Verzoeker in het hoofdgeding is voorts van mening „dat de geschillen die op dit gebied ontstaan, zouden kunnen worden voorkomen, indien ingeval van cumulatie van uitkeringen die krachtens verschillende wettelijke regelingen zijn verschuldigd, alleen de hoogste uitkeringen worden betaald. De verdeling van de lasten kan rechtstreeks tussen de bevoegde organen plaatsvinden, zoals werd beslist voor de vergoeding wegens beroepsziekten (artikel 57 van verordening nr. 1408/71).”
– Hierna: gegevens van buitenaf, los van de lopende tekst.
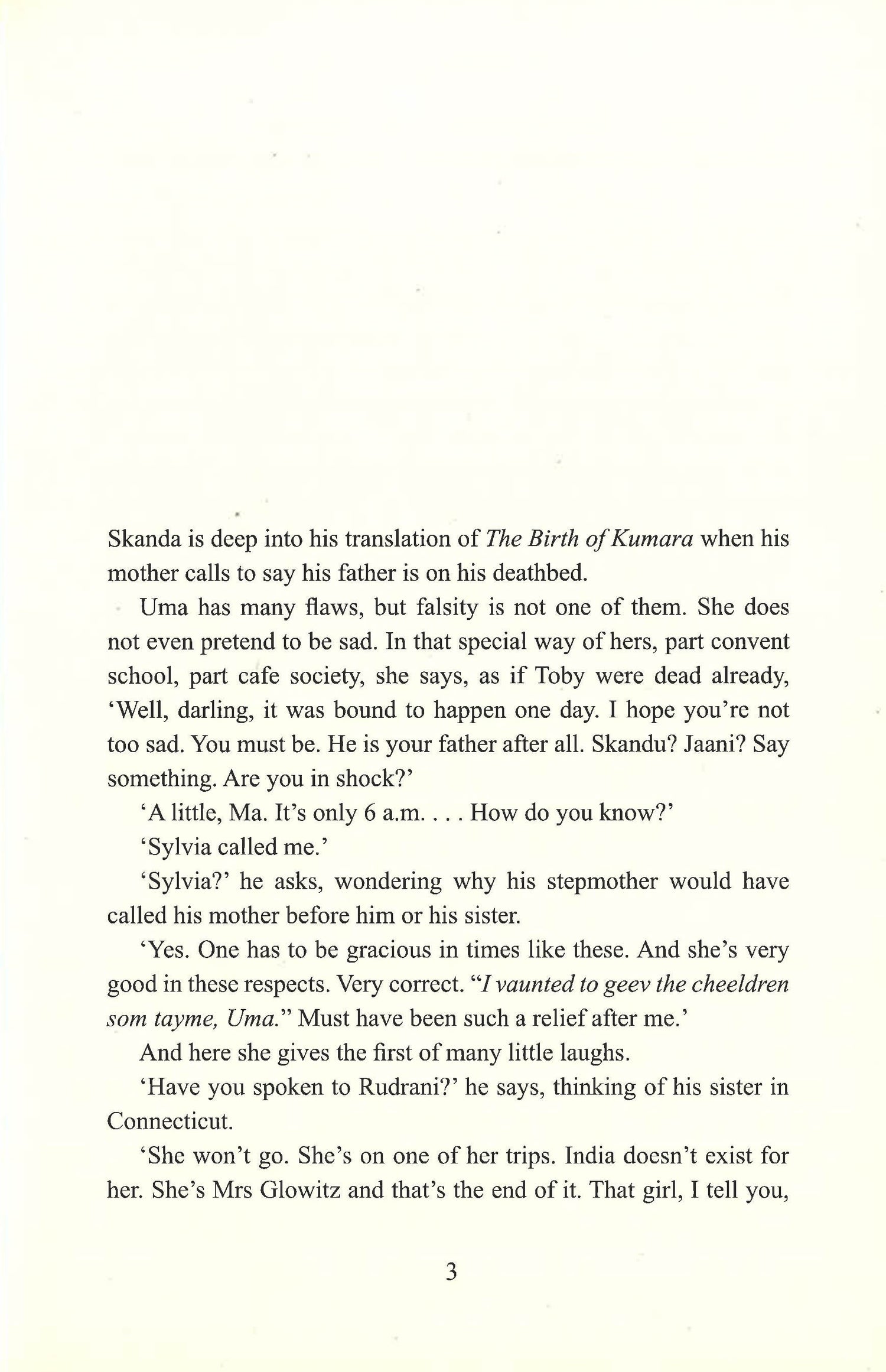 When Skanda's father Toby dies, estranged from Skanda's mother and from the India he once loved, it falls to Skanda to return his body to his birthplace. This is a journey that takes him halfway around the world and deep within three generations of his family, whose fractures, frailties and toxic legacies he has always sought to elude.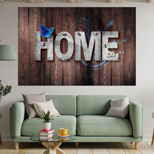 Декорация за стена (картина, пано) с мотив "Декорация HOME на дървен фон - картина пано за стена". Изработена от олекотено PVC с дебелина 5 мм или канава от 100% памук, опъната върху дървена подрамка с дебелина 5 см. Изображението се печата с висококачествен UV печат, което е гаранция за запазване на цветовете с години!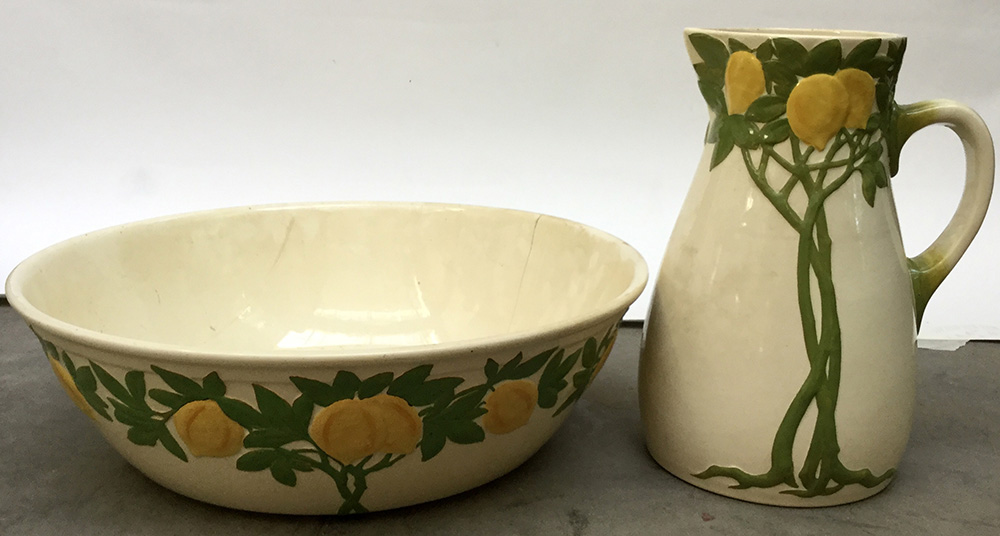 Manifattura Sarreguemines, catino con brocca per l'acqua in ceramica decorata con piante di limoni su fondo color crema (difetti)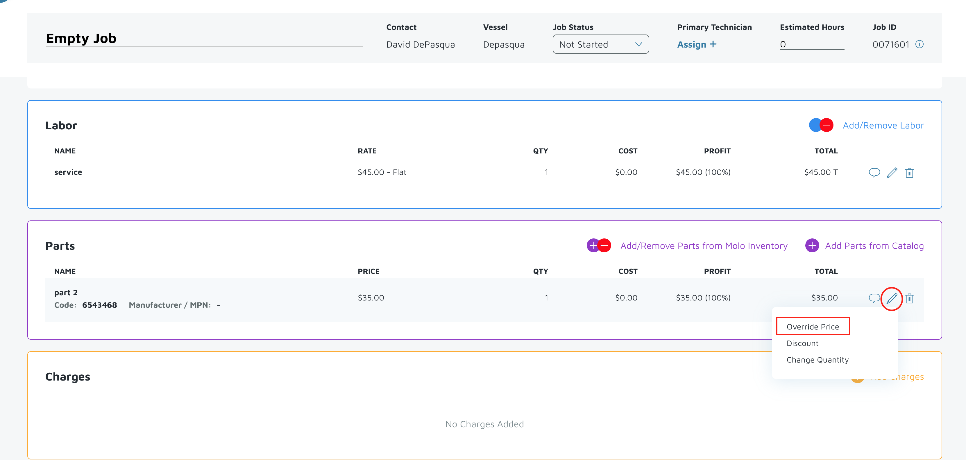 - Click on the job and click on the pencil to 'override' the price.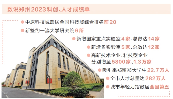 搭建平臺,用好政策,優(yōu)化服務,留住人才,“年輕鄭、文化鄭、國際鄭、科技鄭”成為鄭州的城市新標簽。2023年,中原科技城躍居全國科技城綜合排名前20;新簽約一流大學研究院6所,新增國家重點實驗室4家、總數(shù)達14家,新增省實驗室5家、總數(shù)達12家;高新技術企業(yè)、科技型企業(yè)分別增至5800家、1.3萬家;吸引來鄭留鄭大學生22.7萬人,全市人才總量達282萬人;全市常住人口平均年齡不超過35歲、城市年輕力指數(shù)居全國第五。

Hij concludeert dat op de door de Belgische rechterlijke instantie gestelde prejudiciële vraag het volgende antwoord kan worden gegeven:

„De in artikel 76 van verordening nr. 1408/71 bedoelde schorsing van het recht op kinderbijslag geldt niet wanneer de wegens de uitoefening van een beroepswerkzaamheid verschuldigde gezinsbijslagen niet daadwerkelijk worden uitgekeerd omdat niet aan alle in de wettelijke regeling van het land van de woonplaats der kinderen gestelde voorwaarden is voldaan”.

De Commissie van de Europese Gemeenschappen betoogt dat artikel 3 van de eenvormige tekst inzake de kinderbijslag van 30 mei 1955 bij voorkeur de vader als gezinshoofd beschouwt. Deze hoedanigheid kan slechts aan de moeder worden toegekend in bepaalde gevallen waartoe niet de tewerkstelling van de vader in het buitenland behoort. In casu is derhalve voor de gezinsleden van Ragazzoni krachtens de Italiaanse wettelijke regeling geen recht op kinderbijslag in Italië ontstaan.

Daar verzoeker in België werkzaam is (en derhalve in een andere Staat dan Frankrijk, hetgeen een bijzondere regeling krachtens artikel 73 en volgende van de verordening veronderstelt), moet de zogenaamde „oplossing van het land van tewerkstelling” worden toegepast volgens welke de toekenning van gezinsbijslagen waarin de wettelijke regeling van het land van tewerkstelling voorziet ten laste komt van het land van tewerkstelling (artikel 73, lid 1, en 75, lid 1).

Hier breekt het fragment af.